Quantum Discipling
“Father in heaven, who at the baptism of Jesus in the River Jordan proclaimed him your beloved Son and anointed him with the Holy Spirit: Grant that all who are baptized into his Name may keep the covenant they have made, and boldly confess him as Lord and Savior; who with you and the Holy Spirit lives and reigns, one God, in glory everlasting. Amen.”
In the year that the pandemic started (can we all gasp at the fact that it has nearly been two full years?!), I was invited into a group of leaders across the church who were asking questions about how to be church in a time in which the status quo simply was not possible. At the time the group started, we were all facing challenging times as we struggled to find ways to convene community for prayer, worship, fellowship, and formation. In large part, we were doing our best to be thought leaders in how God was inviting the church to show up in that time so we could co-create ways forward with other leaders in our parishes, missions, and ministries.
As the pandemic continued, Tuesdays at Two continued to evolve as a network of parishes and leaders interested in redevelopment who came together to listen to the ways the Spirit was activating new and surprising gifts in the lives of our congregations and ministries. It was an invitation into transformation through listening to each other and to be open to being transformed precisely because we received the wisdom of the group as we grappled with different questions. In essence, it became a wisdom community in which every person was both facilitator and learner. We were traveling together into uncharted territory. We needed the wisdom that each person offered in that space.
Last week, in our discussion, one of the conveners of the group shared an article by Marcus Guest in which he argues that in an uncertain and complex world, the organizations that survive are those who have the most connections out in the community. He writes in the article,
“Quantum mechanics challenged physics orthodoxy — sub-atomic particles were not ‘things’ but ‘interconnections between things’ meaning the universe has no fundamental building blocks. Reality only exists as a complex web of interactions — a system of relationships.”
(You can read the whole article at https://marcusguest.medium.com/11-survival-of-the-best-informed-bf0c7cf505d5#62bb.)
Over the last 12 months, our parish has been creating new connections and relationships by taking a different approach to the use of our parish buildings and grounds. While having one larger tenant on the grounds provided for a large amount of revenue to the parish, it also left us open to financial crisis when that one tenant left for a larger space. Instead of attempting to repeat that, which likely would not have been possible anyway because of commercial real estate market, we have been actively seeking out other community organizations to use our spaces for their meeting needs. From recovery groups to faith communities to homeowners’ associations to a micro-school, we have increased the total number of connections and relationships we have within the community, and of course, we have been able to realize fairly reliable rental income from each group making use of our parish grounds.
If we are able to take a step back and look at the whole picture, we are quickly becoming a place in which people in our community gather to be with one another. The hospitality we have extended out to the community is creating new invitations as people learn about our facilities and our willingness to work with different groups to meet community needs.
As more groups approach us, we continue to create new relationships and new connections. In the language of quantum mechanics, we are defining a new reality for our parish and for the community around us because of the interconnectedness we are realizing. In the language of community organizing, we might say that we are actively defining the future in which we hope to exist: as a place in which people gather to be knit together in relationship, to be connected in hope, to grow together in faith, and to serve one another in love.
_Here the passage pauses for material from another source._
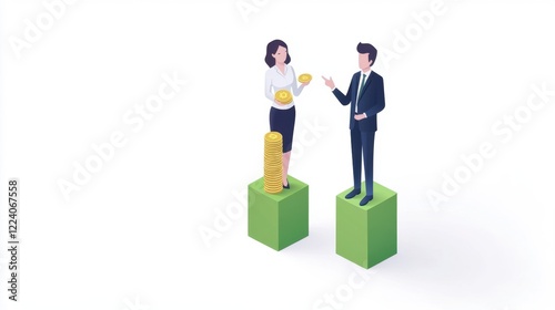 © mangolovemom, Obraz premium A woman and a man stand on green blocks, representing financial growth, with the woman holding coins and the man gesturing confidently.

As the call for Tuesdays at Two was ending this week, one of the conveners wondered aloud what church might be if we understood ourselves to be storefronts for human relationship - a place where people are able to come together to be together. I think that is a wonderful vision of living into Christ’s reconciling mission in the world, and I think it is absolutely part of what we have visioned for ourselves as a parish in this part of God’s creation. Here, we are a storefront in which people get connected to one another, and through our interconnectedness, we grow into the fullness of the image of God.
As we move into the future we are creating, we are going to have some growing pains that come with it, and it will be easy enough for us to want to fall back into the “old way” of doing things. Or, perhaps we will be tempted to only do things the same way we have always done them. I think part of how we “boldly confess Christ as Lord and Savior” is by leaning into the future that we are creating and by asking where we see possibility as we grow into being a community of gathering, a community of relationship, a community of connections.